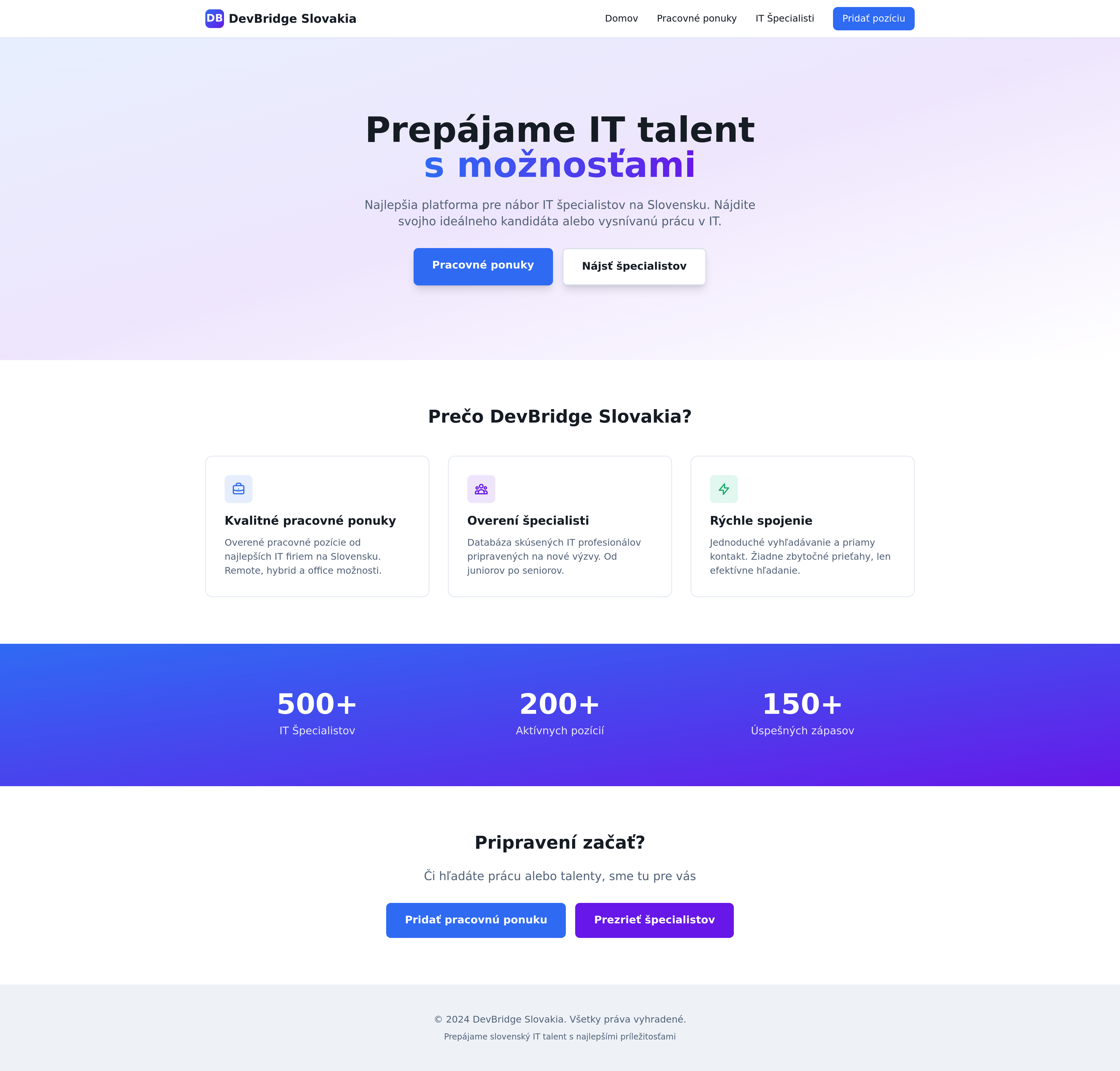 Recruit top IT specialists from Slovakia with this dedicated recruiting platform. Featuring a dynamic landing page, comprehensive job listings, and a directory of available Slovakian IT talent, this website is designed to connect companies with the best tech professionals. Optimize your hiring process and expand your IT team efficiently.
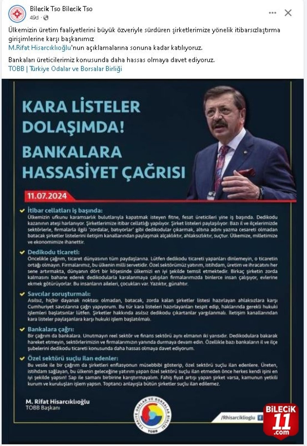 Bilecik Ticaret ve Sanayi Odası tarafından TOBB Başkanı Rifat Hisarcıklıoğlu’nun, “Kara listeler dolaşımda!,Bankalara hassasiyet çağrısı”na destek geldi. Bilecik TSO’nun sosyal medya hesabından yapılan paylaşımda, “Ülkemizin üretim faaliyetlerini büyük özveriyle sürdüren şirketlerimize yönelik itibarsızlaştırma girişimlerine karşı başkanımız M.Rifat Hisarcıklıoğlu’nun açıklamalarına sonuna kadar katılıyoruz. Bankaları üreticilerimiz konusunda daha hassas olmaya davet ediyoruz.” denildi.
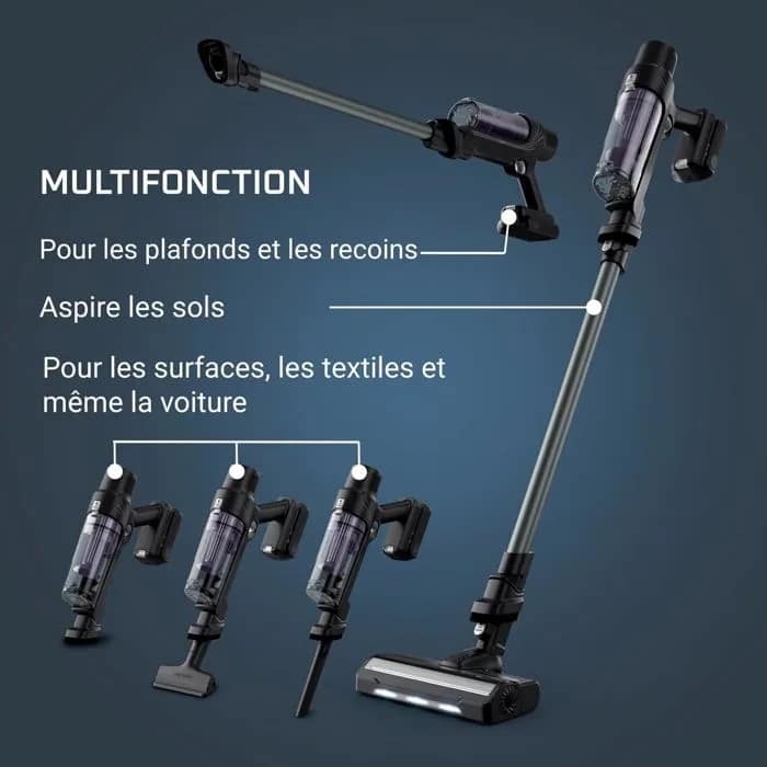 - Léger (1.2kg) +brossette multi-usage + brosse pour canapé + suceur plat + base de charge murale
--
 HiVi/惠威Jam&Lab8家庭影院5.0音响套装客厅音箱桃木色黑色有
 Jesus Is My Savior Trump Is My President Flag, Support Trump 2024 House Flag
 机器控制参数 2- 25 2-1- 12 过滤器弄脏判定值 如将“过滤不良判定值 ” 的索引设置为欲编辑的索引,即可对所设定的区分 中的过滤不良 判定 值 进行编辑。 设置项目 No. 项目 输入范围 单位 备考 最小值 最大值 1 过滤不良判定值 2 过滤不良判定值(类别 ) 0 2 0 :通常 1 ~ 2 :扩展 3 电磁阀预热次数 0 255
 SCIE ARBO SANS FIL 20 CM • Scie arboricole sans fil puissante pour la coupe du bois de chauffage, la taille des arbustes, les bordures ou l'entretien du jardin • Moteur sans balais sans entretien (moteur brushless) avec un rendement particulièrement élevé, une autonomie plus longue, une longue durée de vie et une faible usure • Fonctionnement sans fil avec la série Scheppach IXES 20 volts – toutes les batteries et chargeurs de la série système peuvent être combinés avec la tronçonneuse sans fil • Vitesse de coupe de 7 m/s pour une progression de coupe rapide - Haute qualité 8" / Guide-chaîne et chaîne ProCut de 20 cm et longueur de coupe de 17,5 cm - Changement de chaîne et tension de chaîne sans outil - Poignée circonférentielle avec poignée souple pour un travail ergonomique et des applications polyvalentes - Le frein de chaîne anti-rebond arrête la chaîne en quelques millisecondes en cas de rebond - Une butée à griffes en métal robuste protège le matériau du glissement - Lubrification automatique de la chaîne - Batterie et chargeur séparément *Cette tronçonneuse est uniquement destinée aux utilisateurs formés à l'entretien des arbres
---
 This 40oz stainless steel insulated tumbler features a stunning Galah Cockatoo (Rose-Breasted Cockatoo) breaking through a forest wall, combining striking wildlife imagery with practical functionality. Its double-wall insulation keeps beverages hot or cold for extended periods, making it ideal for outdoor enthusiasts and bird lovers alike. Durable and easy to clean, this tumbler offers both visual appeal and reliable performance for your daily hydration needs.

_YOUR INSTRUCTIONS:_ Print, from the entries above, the line with "HiVi/惠威Jam&Lab8家庭影院5.0音响套装客厅音箱桃木色黑色有", the line with "SCIE ARBO SANS" and all lines between them, exactly and with nothing else.

_EXERCISE SOLUTION:_
 HiVi/惠威Jam&Lab8家庭影院5.0音响套装客厅音箱桃木色黑色有
 Jesus Is My Savior Trump Is My President Flag, Support Trump 2024 House Flag
 机器控制参数 2- 25 2-1- 12 过滤器弄脏判定值 如将“过滤不良判定值 ” 的索引设置为欲编辑的索引,即可对所设定的区分 中的过滤不良 判定 值 进行编辑。 设置项目 No. 项目 输入范围 单位 备考 最小值 最大值 1 过滤不良判定值 2 过滤不良判定值(类别 ) 0 2 0 :通常 1 ~ 2 :扩展 3 电磁阀预热次数 0 255
 SCIE ARBO SANS FIL 20 CM • Scie arboricole sans fil puissante pour la coupe du bois de chauffage, la taille des arbustes, les bordures ou l'entretien du jardin • Moteur sans balais sans entretien (moteur brushless) avec un rendement particulièrement élevé, une autonomie plus longue, une longue durée de vie et une faible usure • Fonctionnement sans fil avec la série Scheppach IXES 20 volts – toutes les batteries et chargeurs de la série système peuvent être combinés avec la tronçonneuse sans fil • Vitesse de coupe de 7 m/s pour une progression de coupe rapide - Haute qualité 8" / Guide-chaîne et chaîne ProCut de 20 cm et longueur de coupe de 17,5 cm - Changement de chaîne et tension de chaîne sans outil - Poignée circonférentielle avec poignée souple pour un travail ergonomique et des applications polyvalentes - Le frein de chaîne anti-rebond arrête la chaîne en quelques millisecondes en cas de rebond - Une butée à griffes en métal robuste protège le matériau du glissement - Lubrification automatique de la chaîne - Batterie et chargeur séparément *Cette tronçonneuse est uniquement destinée aux utilisateurs formés à l'entretien des arbres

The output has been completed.